## Task item
The full listing, written out exactly and without images, is the expected result.

** Opening Information provided block **

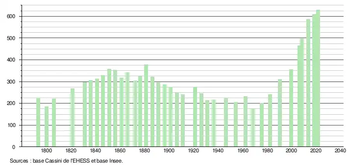 L'évolution du nombre d'habitants est connue à travers les recensements de la population effectués dans la commune depuis 1793. Pour les communes de moins de 10 000 habitants, une enquête de recensement portant sur toute la population est réalisée tous les cinq ans, les populations légales des années intermédiaires étant quant à elles estimées par interpolation ou extrapolation[25]. Pour la commune, le premier recensement exhaustif entrant dans le cadre du nouveau dispositif a été réalisé en 2008[26].
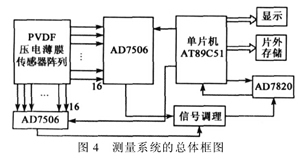系統(tǒng)的工作原理是在單片機(jī)的控制下,由切換電路完成對(duì)傳感單元的選擇,被選擇的PVDF壓電薄膜傳感器經(jīng)電荷-電壓轉(zhuǎn)換及相應(yīng)的信號(hào)調(diào)理電路變成0~5V的電壓信號(hào),再經(jīng)過(guò)AD7820進(jìn)行模數(shù)轉(zhuǎn)換,轉(zhuǎn)換結(jié)果通過(guò)AT89C51暫存于片外存儲(chǔ)單元(本文采用靜態(tài)RAM芯片62256),并在檢測(cè)完畢后,通過(guò)RS232串行通信接口傳送到計(jì)算機(jī)進(jìn)行處理與顯示。測(cè)量系統(tǒng)的結(jié)構(gòu)框圖如圖4所示。
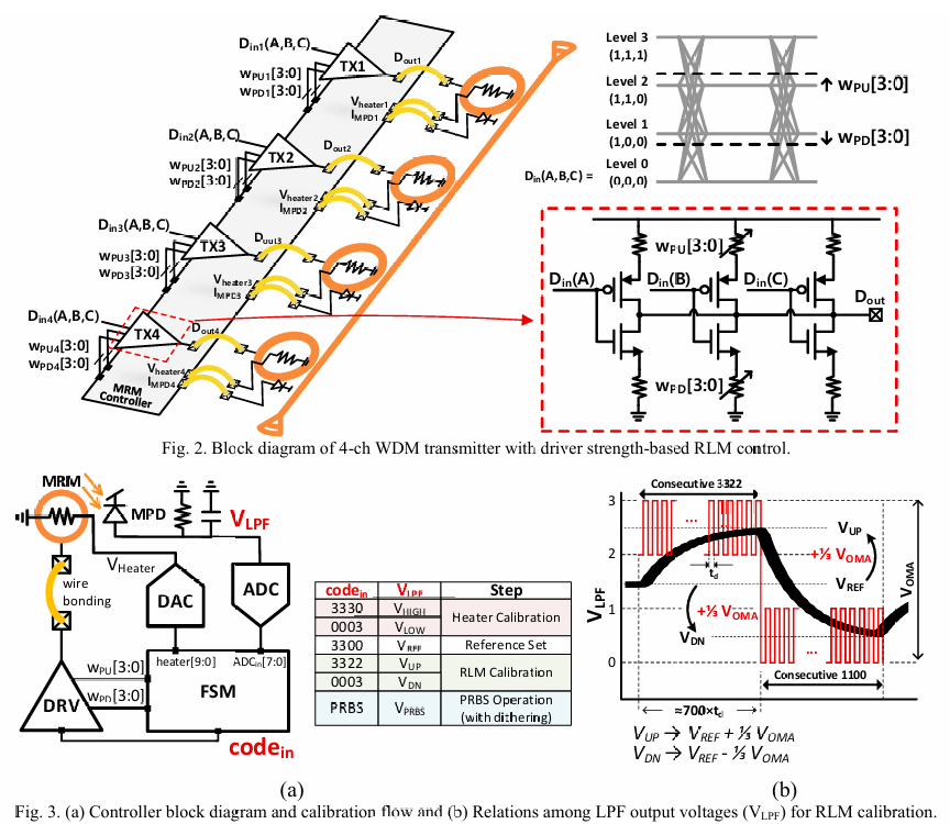 基于平台的 MRM 核心器件,三星联合延世大学在 OFC 2026 发布了 224-Gb/s 硅光子 WDM 发射器,针对 MRM 谐振特性对温度敏感、光学调制幅度(OMA)峰值与 PAM4 线性度(RLM)最优条件不匹配的行业痛点,提出代码控制的双目标校准技术,实现了 OMA 锁定与 RLM 优化的片上同步完成,无需外部数字信号处理(DSP)或现场可编程门阵列(FPGA),为高密度 WDM 光发射模块提供了低复杂度、高稳定性的解决方案。

** Closing Information provided block **

## Finished task
 L'évolution du nombre d'habitants est connue à travers les recensements de la population effectués dans la commune depuis 1793. Pour les communes de moins de 10 000 habitants, une enquête de recensement portant sur toute la population est réalisée tous les cinq ans, les populations légales des années intermédiaires étant quant à elles estimées par interpolation ou extrapolation[25]. Pour la commune, le premier recensement exhaustif entrant dans le cadre du nouveau dispositif a été réalisé en 2008[26].
系統(tǒng)的工作原理是在單片機(jī)的控制下,由切換電路完成對(duì)傳感單元的選擇,被選擇的PVDF壓電薄膜傳感器經(jīng)電荷-電壓轉(zhuǎn)換及相應(yīng)的信號(hào)調(diào)理電路變成0~5V的電壓信號(hào),再經(jīng)過(guò)AD7820進(jìn)行模數(shù)轉(zhuǎn)換,轉(zhuǎn)換結(jié)果通過(guò)AT89C51暫存于片外存儲(chǔ)單元(本文采用靜態(tài)RAM芯片62256),并在檢測(cè)完畢后,通過(guò)RS232串行通信接口傳送到計(jì)算機(jī)進(jìn)行處理與顯示。測(cè)量系統(tǒng)的結(jié)構(gòu)框圖如圖4所示。
 基于平台的 MRM 核心器件,三星联合延世大学在 OFC 2026 发布了 224-Gb/s 硅光子 WDM 发射器,针对 MRM 谐振特性对温度敏感、光学调制幅度(OMA)峰值与 PAM4 线性度(RLM)最优条件不匹配的行业痛点,提出代码控制的双目标校准技术,实现了 OMA 锁定与 RLM 优化的片上同步完成,无需外部数字信号处理(DSP)或现场可编程门阵列(FPGA),为高密度 WDM 光发射模块提供了低复杂度、高稳定性的解决方案。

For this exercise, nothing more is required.